The last speaker was Bull Harris.

They had gotten very near, almost on top of the crouching listeners. Mark clutched his companions and whispered to them: “Not a sound!”

“I can hardly wait for morning to come, to see what happens when that blamed cad isn’t there at reveille. Say, isn’t it great? Just think of their being shut up in jail all night, without a chance of getting out. And they’ll be fired sure as——​Good Lord!”

This last exclamation was a perfect scream of terror from Bull. He had started back as if he had seen a ghost; his jaw had dropped, his eyes protruding. The rest were no less pictures of consternation.

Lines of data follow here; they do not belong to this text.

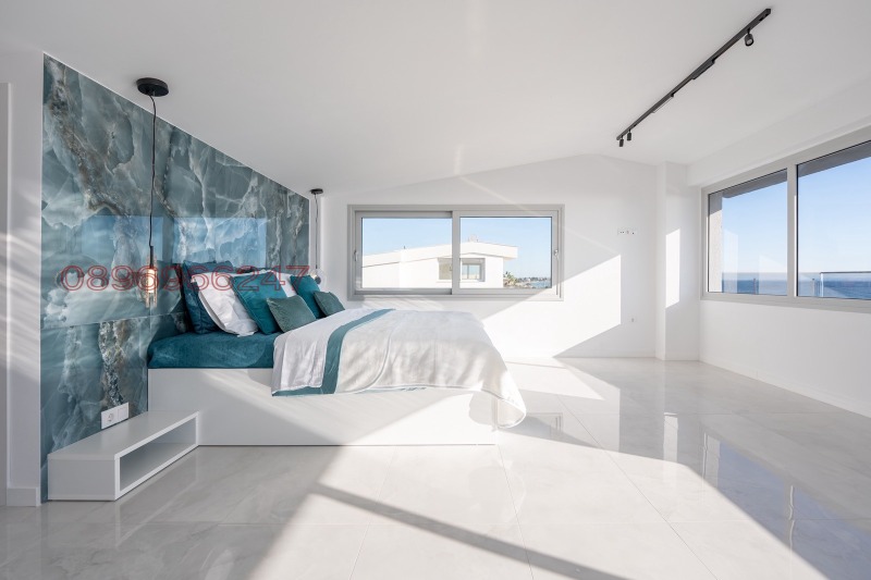 Разполага с четвърта спалня от 50 кв.м., с гардеробно помещение, красивa баня и веранда с гледка отново към плажа и безкрайната синевa на морето.
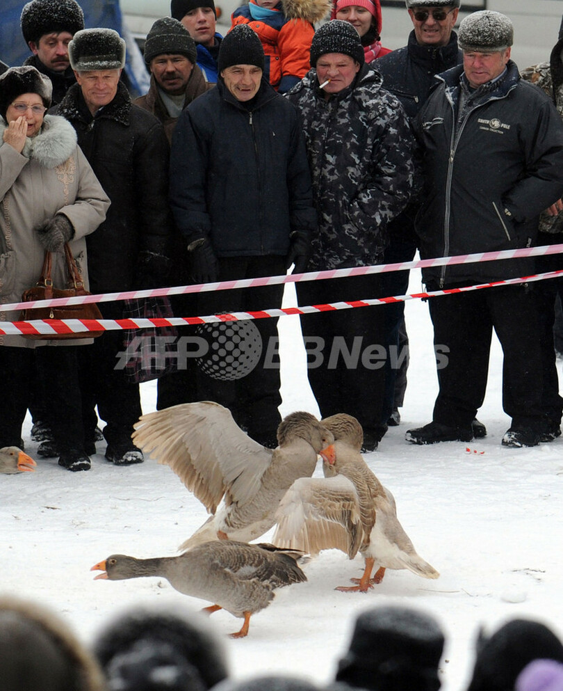 ニュース ライフ こぼれ話 闘鶏…ではなく「闘ガチョウ」、ロシア 2012年3月19日 6:44 発信地:パブロフスク/ロシア [ ロシア・CIS ロシア ] このニュースをシェア ‹ › ❮ 3/4 ❯ ロシア・パブロフスク(Pavlovsk)で開かれた「闘ガチョウ」大会で戦う2羽のガチョウ(2012年3月17日撮影)。(c)AFP/ANDREY SMIRNOV 画像作成中 ! 【3月19日 AFP】ロシア・モスクワ(Moscow)から約450キロ離れたパブロフスク(Pavlovsk)で17日、ガチョウ同士を戦わせる「闘ガチョウ」が開かれた。獣医が参加する全てのガチョウの健康診断を試合前に実施し、試合中の安全にも気を配った。(c)AFP ライフ 一覧へ> メディア・報道関係・法人の方向け 写真・動画 購入のお問合せ>
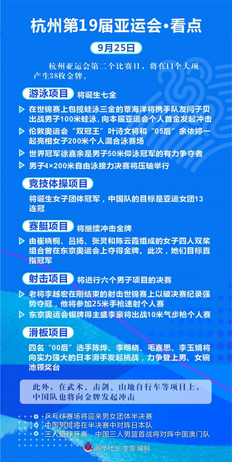 新华社杭州9月24日电(记者丁文娴、张泽伟、王恒志)25日是杭州亚运会开幕后第二个比赛日,将在11个大项产生38枚金牌。新“蛙王”覃海洋和连续12届亚运会体操女团冠军中国队都将全力以赴,捍卫冠军荣耀。
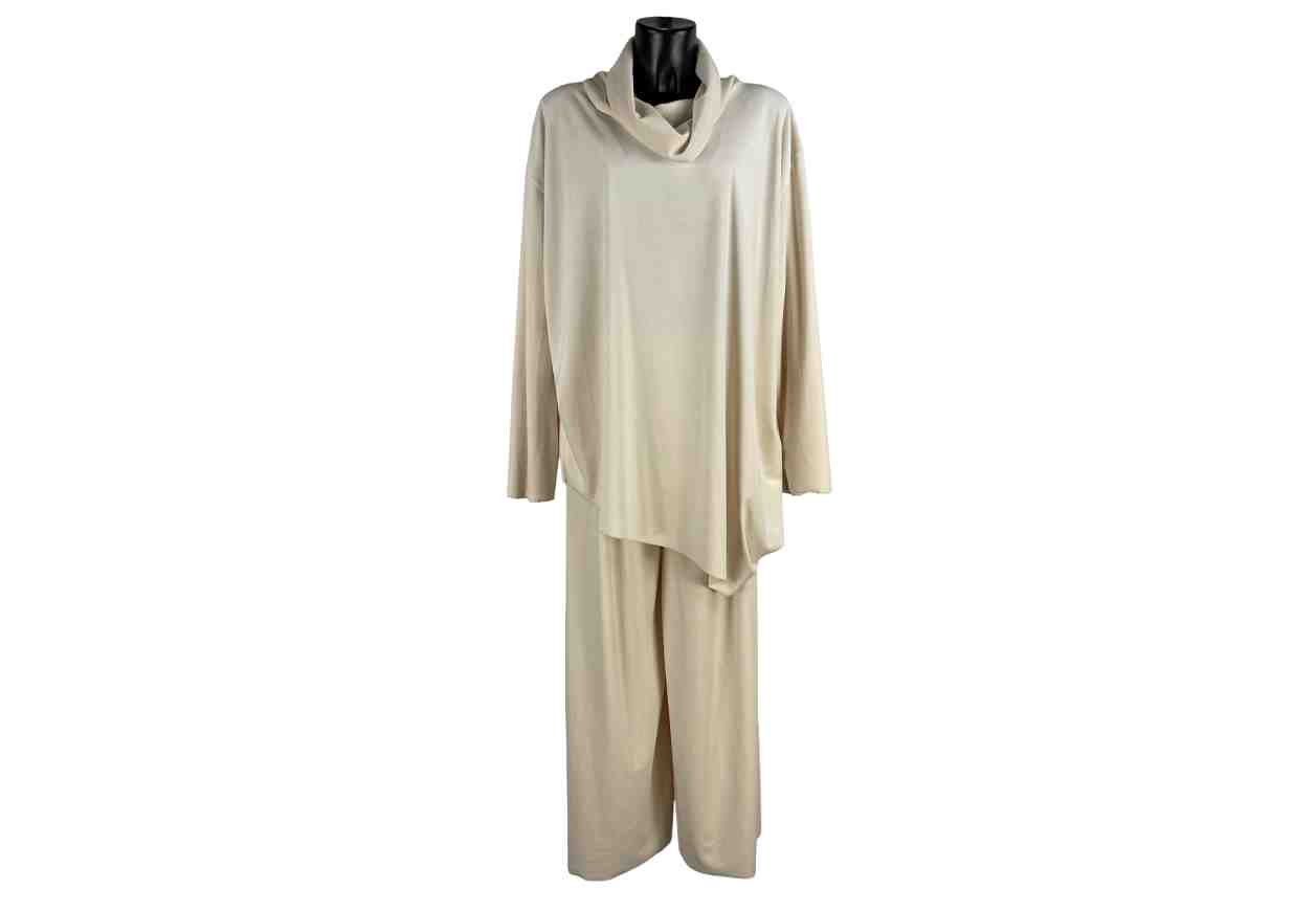 RENE' BORDEN Completo in simil velluto: maglia con collo a ciambella con fondo assimetrico, pantalone con elastico in vita.
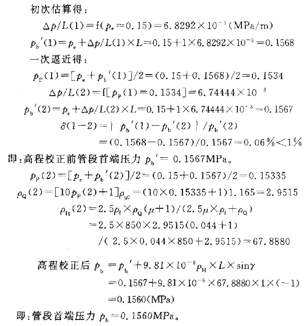 通过公式(4.0.8)已估算出高程校正前管段首端压力,故可估算出高程校正前管段平均压力Pp。
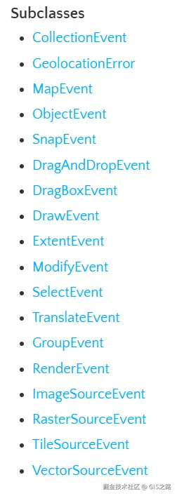 event.pixel属于OpenLayers封装的事件对象,用于直接获取OpenLayers事件对象中的像素坐标。以下截图是一些OpenLayers封装事件类型,包括地图事件、选择事件、绘制事件等多种类型。有关更多OpenLayers事件信息,可参考文章:
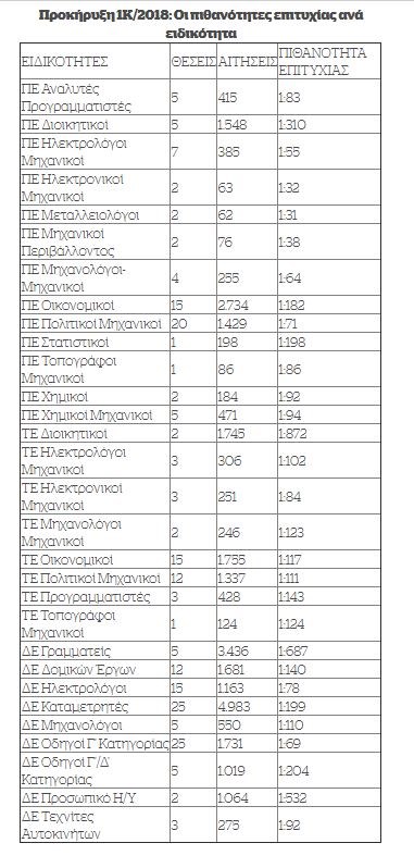 Προκαλούν ίλιγγο τα ποσοστά συμμετοχής και οι πιθανότητες επιτυχίας για τις θέσεις των 30 ειδικοτήτων.
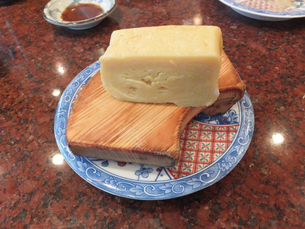 それが こちら 180円(税込)皿の、 超〈特製〉厚焼玉子 です。 で、でかい。
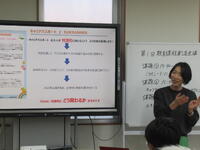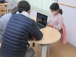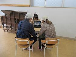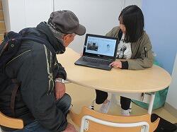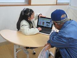 最初に動画を見てもらいました。もう少しいろいろな写真を使ってほしいなあ、画面が早く変わって読めないなあという改善点や、とてもここはよくできているね、すごいなあ、という誉め言葉、しっかりと言われたことを受け止められたかな?
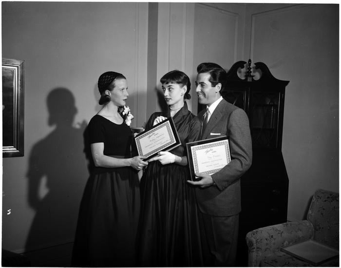 [Virginia de Luce, Ronny Graham and Julie Harris with the Theatre World Award.]
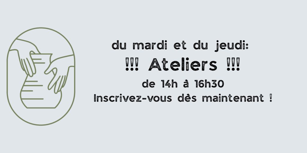 Quand? Tous les mardis et jeudis après-midi de 14h à 16h30. Inscrivez-vous via le formulaire de contact. Sur demande et dans la mesure du possible, il est possible de s’écarter des jours d’atelier standard.
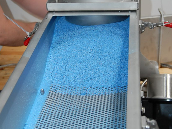 Schüttgüter präzise trennen: Effiziente Trennung von Kunststoffgranulat in große und kleine Teile mit Siebfördersystem und Vibrationstechnik
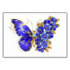Jewellery, blue, sapphire, sparkling flower butterfly with wing decorated with blue, precious flowers with gold leaves on white background.
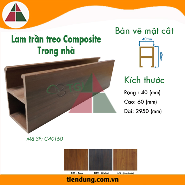 Thanh Lam Gỗ Nhựa C40T60 hay còn gọi là thanh hộp gỗ nhựa nội thất là sản phẩm được sản xuất từ nhựa, bột gỗ và một số chất phụ gia khác trên dây chuyền công nghệ ép đùn có mẫu mã đa dạng. Thanh Lam Gỗ Nhựa C40T60 được sản xuất bằng kỹ thuật riêng vừa có tính chất như gỗ tự nhiên và nhựa để đảm bảo yêu cầu cao trong thi công như: ốp trần, ốp tường,...Đặc biệt bề mặt được phủ thêm một lớp Film nhựa PVC khó bong tróc với nhiều màu sắc phong phú nhằm đáp ứng sự đa dạng trong các thiết kế đa dạng khác nhau như: biệt thự, nhà phố, nhà hàng, khách sạn...
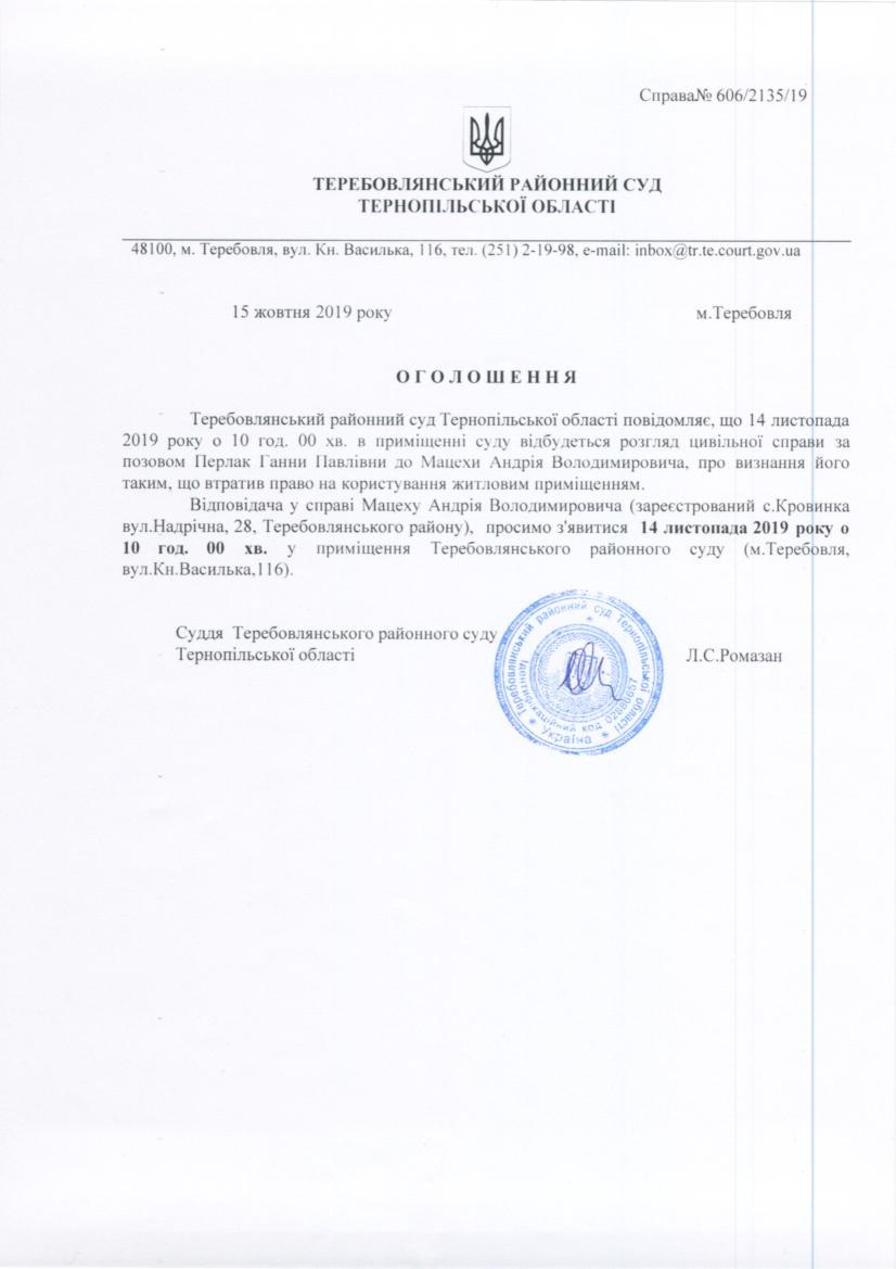 Суд викликає Мацеха А.В.
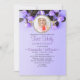 Convite elegante moderno para a primeira comemoração da sua filha. O convite é tão bonito com um Floral roxo com design de rosa com fundo de aquarela. Além disso, fizemos o convite com personalização extra com a foto da sua filha para fazer com que ela pareça mais única e especial. Basta tirar uma foto com o telefone e adicioná-la à estrutura moderna do miçanga.
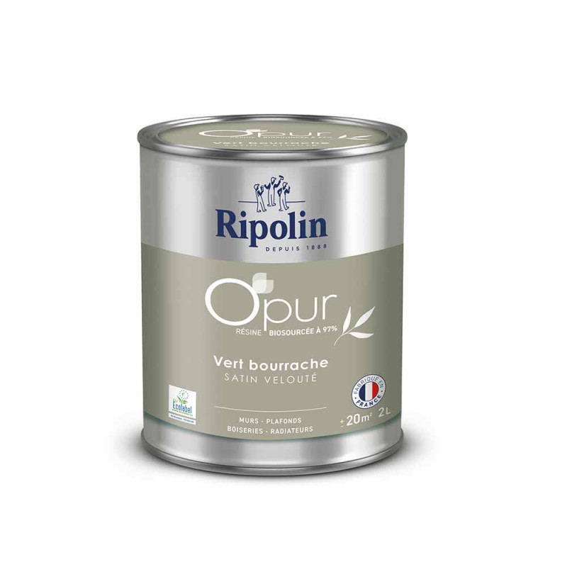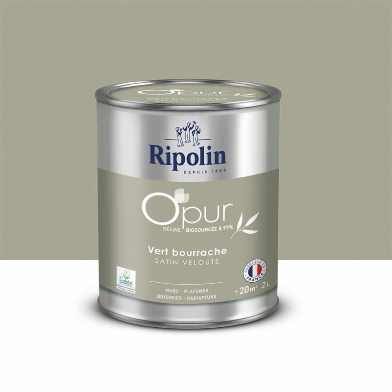 Peinture RIPOLIN Opur bio sourcée multi-supports vert bourrache satin 2L
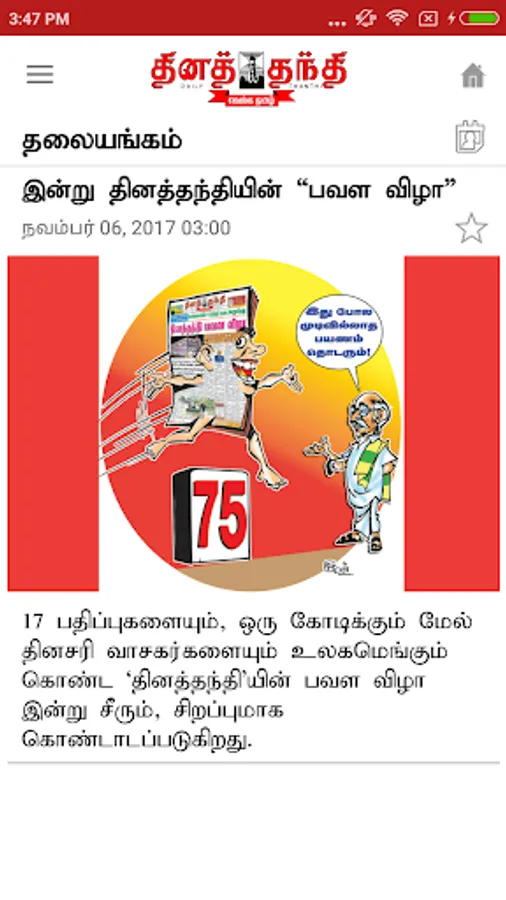 The application apart from offering easy navigation facilitates offline reading thus helping you to keep yourself abreast of all the happenings in Tamil Nadu and around the World.
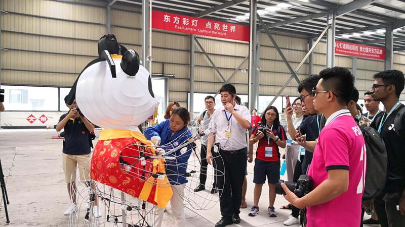 走進東方彩燈出口基地,來到“東方彩燈 點亮世界”項目境外燈展制作現(xiàn)場,青年朋友們近距離的詳細(xì)了解了彩燈的制作流程和工藝。交流團成員為東方彩燈足跡遍布世界30多個國家咋咋稱奇,為燈貿(mào)集團精妙絕倫的彩燈頻頻點贊。
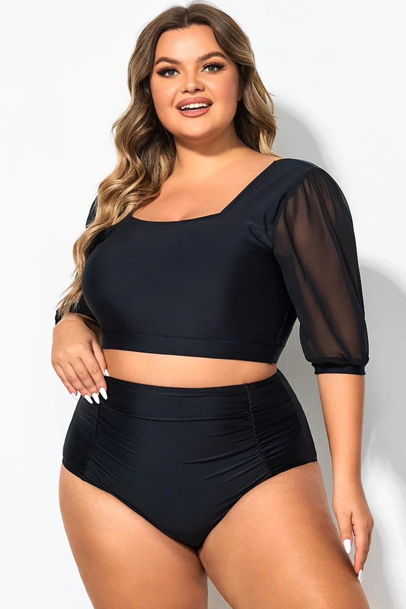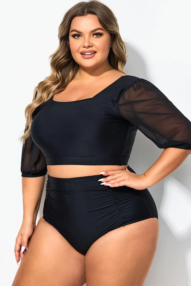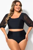 Square Neck Short Mesh Puff Sleeve Bikini Top - PremCurve
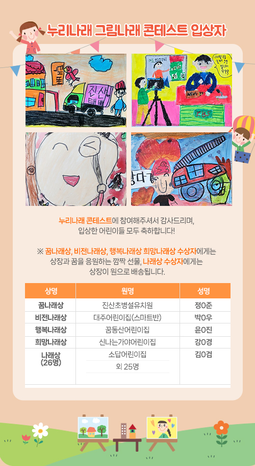 누리나래 그림나래 콘테스트 입상자 발표합니다! 페이지 정보 작성자 아이온 댓글 0건 조회 2,857회 작성일 24-06-12 13:32 본문 누리나래 그림나래 콘테스트 입상자를 발표합니다. 누리나래 그림나래 콘테스트에 참여해주셔서 감사합니다.누리나래의 우리 아이들의 꿈 응원은 계속됩니다.입상한 모든 어린이들 축하합니다!- 추후 상장과 택배가 원으로 전달 되기에 (예정 : 6월 말~ 7월 초) 입상자들의 원명과 이름을 꼭 확인해주시고수정사항이 있으시면 1544-2109로 연락 주시길 바랍니다. 첨부파일 2024 입상자 명단.hwp (61.0K) 1770회 다운로드 | DATE : 2024-06-12 13:32:18 목록 이전글2025 누리나래 그림나래 콘테스트 입상자 발표합니다! 25.06.17 다음글누리나래 그림나래 콘테스트 입상자 발표 23.06.12 댓글목록 댓글목록 등록된 댓글이 없습니다.
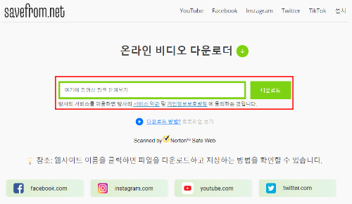 2. 해당 홈페이지에 접속 하여 복사한 링크를 붙여 넣어 줍니다.
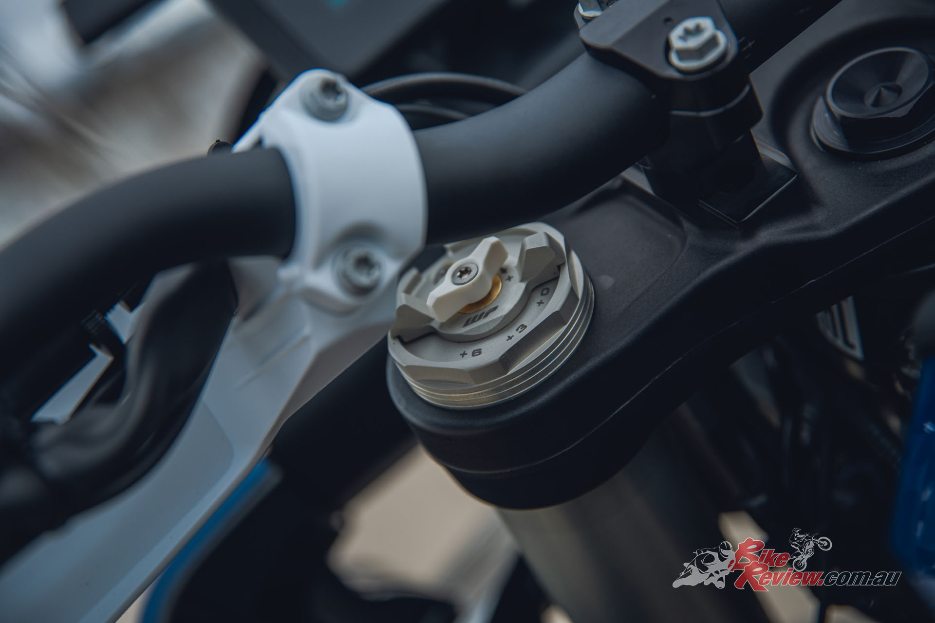 In Offroad mode the throttle is given a gentle, dirt-friendly setting and slip is fixed on level four. In Explorer mode, however, you can have a faster response with that Rally throttle and reduce slip to 1 or opt for a maximum of 9. The traction control can be completely removed in all modes, even on the move, but automatically reverts to ‘on’ when the bike’s ignition is turned back on.

With folded arms and a smile upon his lips, standing in their path as real as life, though shadowy in the faint moonlight, was the plebe they had left in the jail down at Highland Falls!

CHAPTER XII.

“REVENGE IS SWEET.”

The amount of alarm which that apparition caused to the yearlings it would be difficult to imagine. The idea of their hated rival escaping had never once flashed over them, and when they saw him it seemed like a visit from another world. It was so sudden that they had no time to think whether that were possible or not.

Except for Bull’s one frightened gasp the four made not one sound. They stood staring, ready to drop from sheer terror. And as for Mallory, he, too, was silent and motionless; he felt that a word would have broken the spell.

There was perhaps half a minute’s wait, and then came another move. There was a waving in the grass behind Mark, and another shadowy form arose silently into view. It was the Parson’s solemn features, and the Parson, too, folded his arms and stared.